**Task data**.
»»
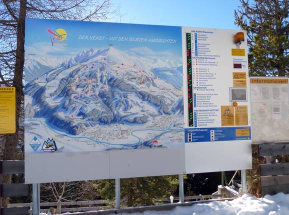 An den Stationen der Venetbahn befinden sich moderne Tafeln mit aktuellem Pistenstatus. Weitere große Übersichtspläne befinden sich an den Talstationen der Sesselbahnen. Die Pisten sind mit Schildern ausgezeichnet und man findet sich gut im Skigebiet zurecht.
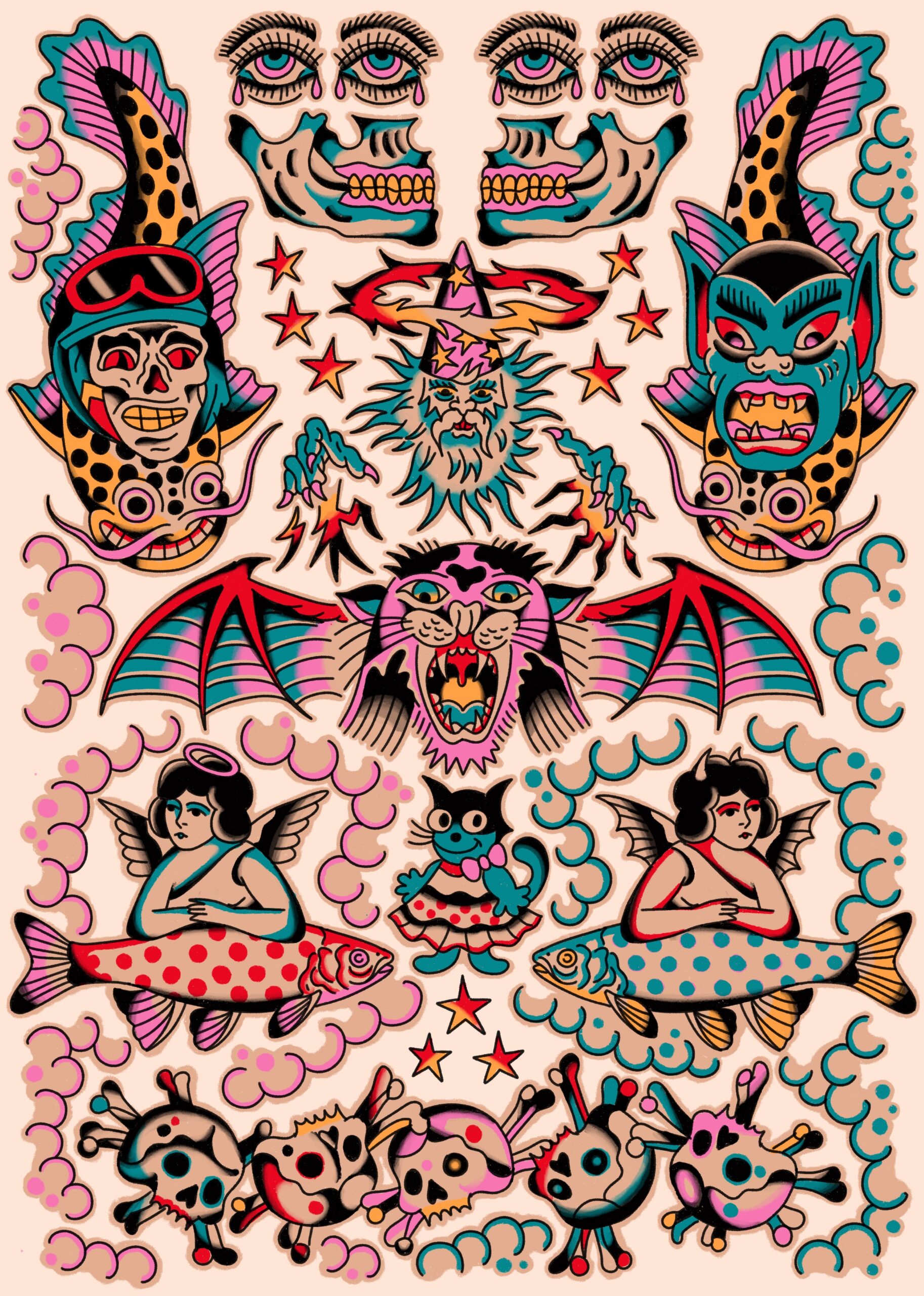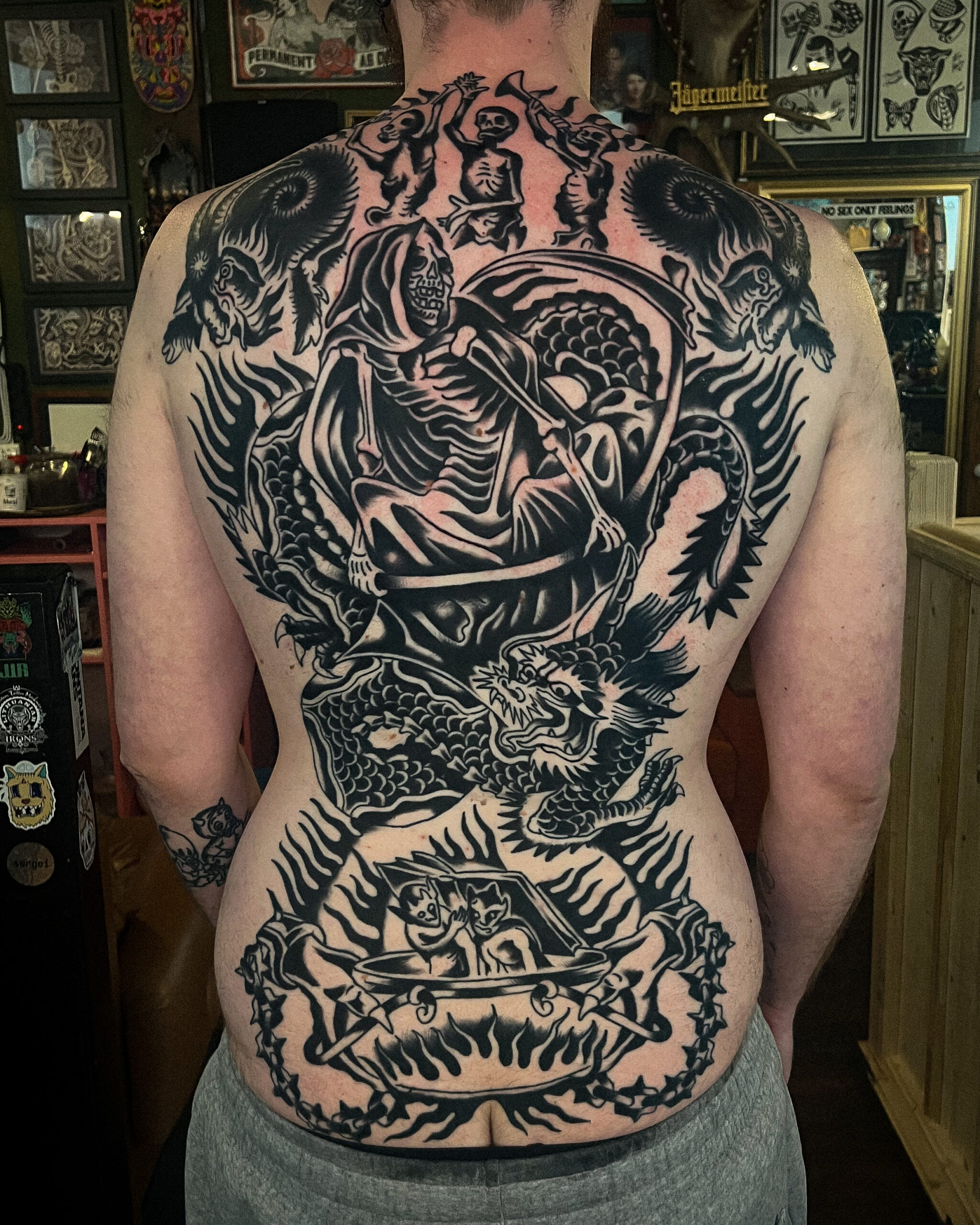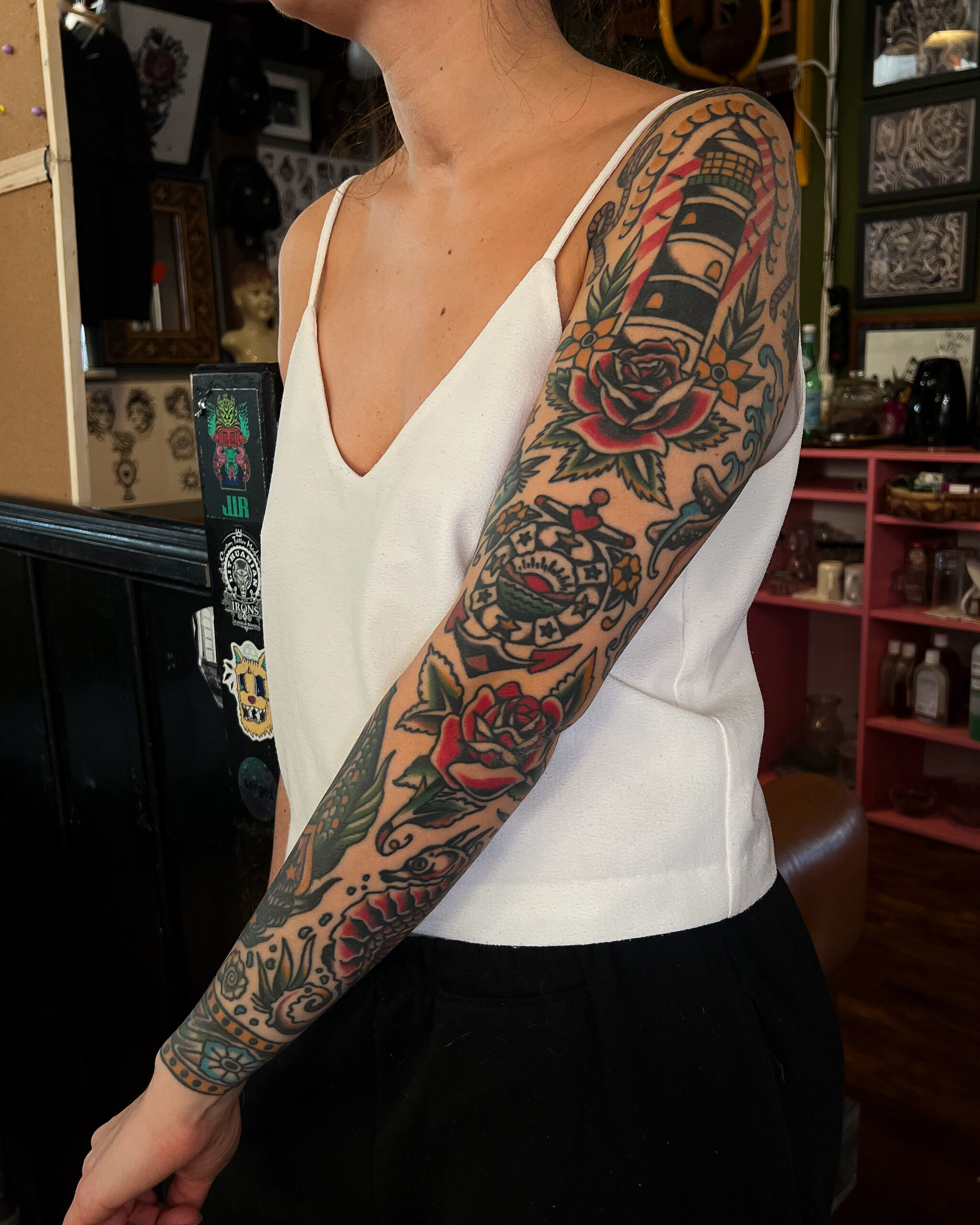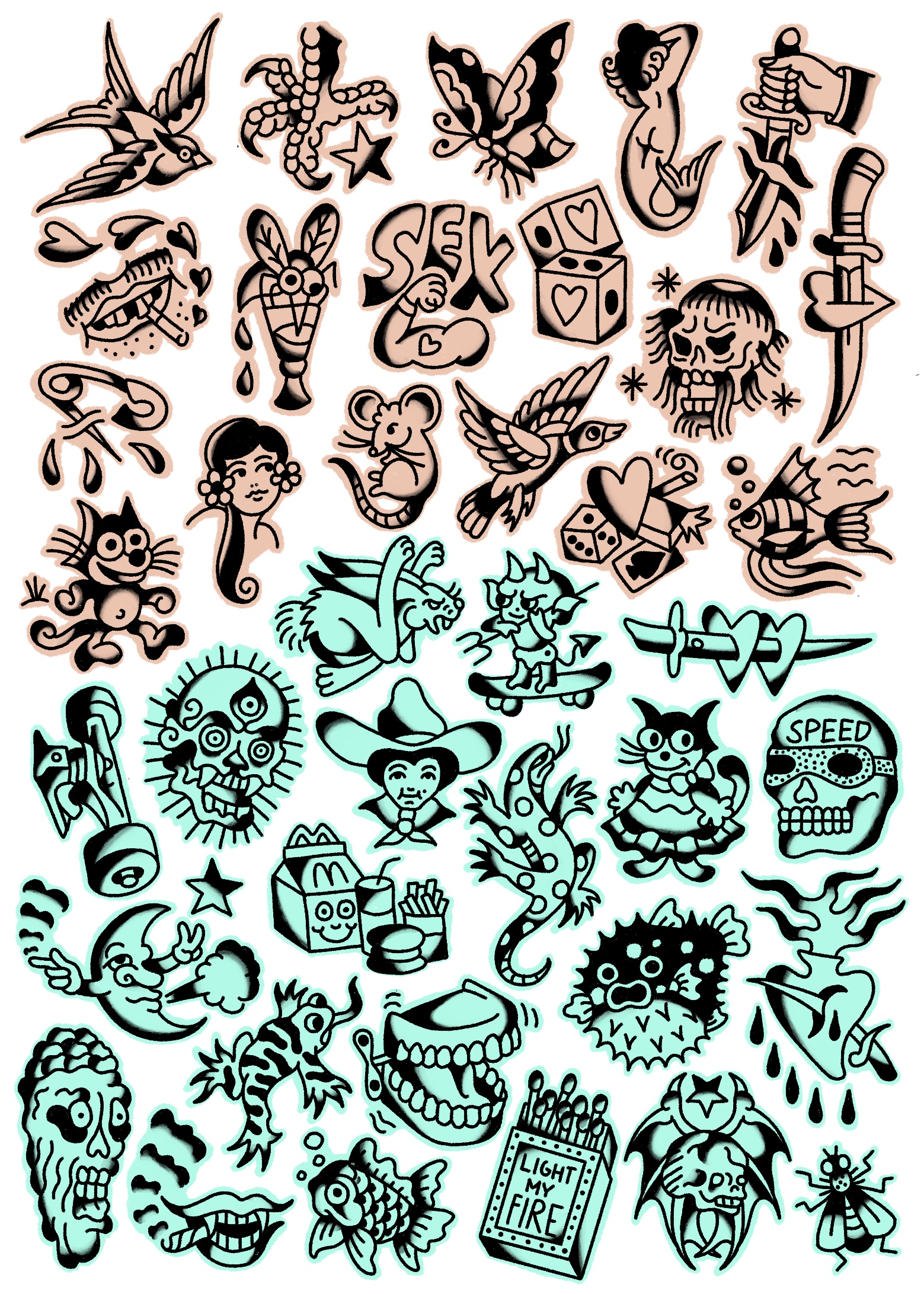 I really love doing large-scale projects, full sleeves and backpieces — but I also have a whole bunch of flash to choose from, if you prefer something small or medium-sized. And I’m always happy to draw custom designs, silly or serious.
««
»»
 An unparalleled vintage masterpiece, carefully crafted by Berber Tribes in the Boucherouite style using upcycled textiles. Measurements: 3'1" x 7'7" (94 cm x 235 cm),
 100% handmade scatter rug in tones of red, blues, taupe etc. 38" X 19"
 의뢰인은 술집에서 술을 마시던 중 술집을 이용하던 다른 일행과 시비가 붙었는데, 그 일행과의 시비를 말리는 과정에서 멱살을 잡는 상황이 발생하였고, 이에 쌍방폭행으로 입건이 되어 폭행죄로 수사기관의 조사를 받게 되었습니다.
««
**Your task**. Within the material above, the line with "100% handmade scatter" opens the range and the line with "의뢰인은 술집에서 술을" closes it; reproduce that range word for word.

**The completed task**.
 100% handmade scatter rug in tones of red, blues, taupe etc. 38" X 19"
 의뢰인은 술집에서 술을 마시던 중 술집을 이용하던 다른 일행과 시비가 붙었는데, 그 일행과의 시비를 말리는 과정에서 멱살을 잡는 상황이 발생하였고, 이에 쌍방폭행으로 입건이 되어 폭행죄로 수사기관의 조사를 받게 되었습니다.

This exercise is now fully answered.